As jet fuel approaches $200 per barrel, carriers are shifting from cost management strategies to outright service withdrawal, with many routes becoming uneconomic.
In numerous regions, demand reduction is not voluntary but results from the physical absence of inputs.
Oil demand is generally highly inelastic in the short term because most end uses have few immediate substitutes—factory boilers rely on fuel oil, aircraft require jet fuel, and most cars still run on gasoline.
World’s energy watchdog advises emergency measures as oil prices rise
The International Energy Agency (IEA), the global energy watchdog, has urged governments to implement emergency measures to mitigate soaring oil prices and potential fuel shortages triggered by the Middle East conflict.
Recommendations include reducing highway speed limits, encouraging carpooling, and promoting remote work where possible.
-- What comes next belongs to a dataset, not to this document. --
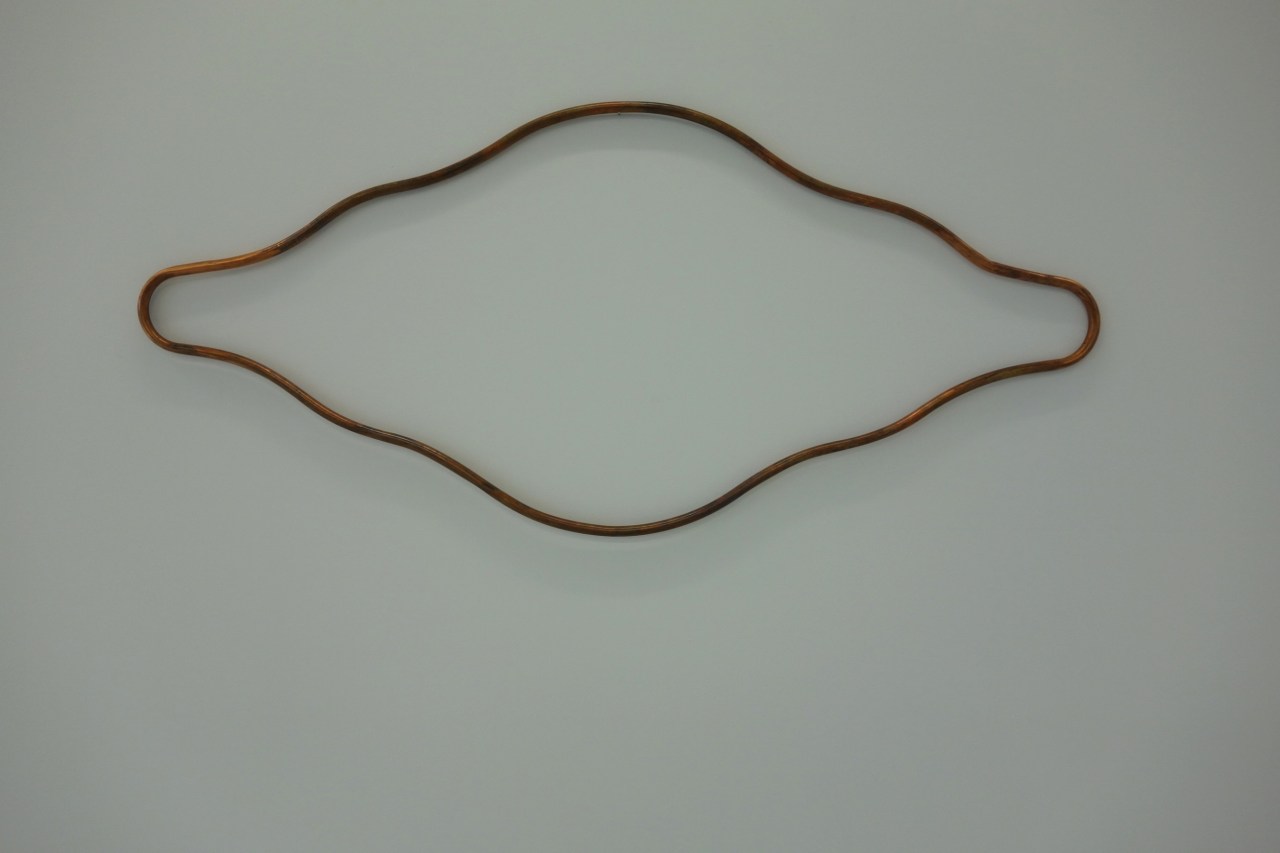 Sinegen 75 x 150 cm, kobberrør Lang 1 205 x 8 cm, rustfritt stål, kobbertråd og hjul i aluminium Små svarte Ø 4 x 15 cm pigment på dreiet tre.
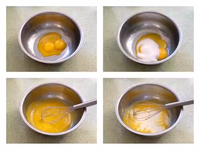 2、將牛奶攪拌均勻之後,接著加入鹽和玉米油混合攪拌均勻,將提前過篩後的粉類倒入蛋黃液中,使用Z字型手法攪拌至蛋黃糊順滑無顆粒,這樣蛋黃糊部分就製作好了。

The IEA also suggests that countries consider restricting car access in major cities by alternating vehicle use based on odd or even-numbered license plates on different weekdays.
Member countries such as Australia, the UK, and the US have been advised to adopt these measures following military strikes on Iran that have caused significant supply disruptions in the global oil market.
UK borrowing jumps to over £14bn in February
New data reveals that the UK government’s borrowing exceeded expectations in February.
The gap between total public sector spending and income widened by £2.2 billion year-on-year to £14.3 billion, surpassing the City’s forecast of an £8.5 billion deficit for the month.
This figure represents the second-highest February borrowing since monthly records began in 1993, only behind the February 2021 figure during the Covid-19 pandemic.
This increase follows a record surplus in January, which was driven by a surge in tax receipts.
After 11 months of the financial year, borrowing is 8.7% lower than in the same period last year.
Tom Davies, senior statistician at the Office for National Statistics (ONS), commented:
"Borrowing was higher than the same month last year and was the second-highest February figure on record. While receipts were up on last year, that was outweighed by a rise in spending, including the later timing of some debt interest payments.However, across the first eleven months of this financial year as a whole, borrowing was down, as receipts increased by more than spending."
Introduction: Demand destruction fears rise after Iran war drove up oil and gas prices
Welcome to our continuous coverage of business, financial markets, and the global economy.
Three weeks into the war, investors and analysts are increasingly concerned about the possibility of ‘demand destruction’ in the world economy.
The recent surge in oil and gas prices, driven by reduced supply from the Middle East and attacks on production facilities, follows a clear economic principle: when supply is limited, prices rise until demand decreases.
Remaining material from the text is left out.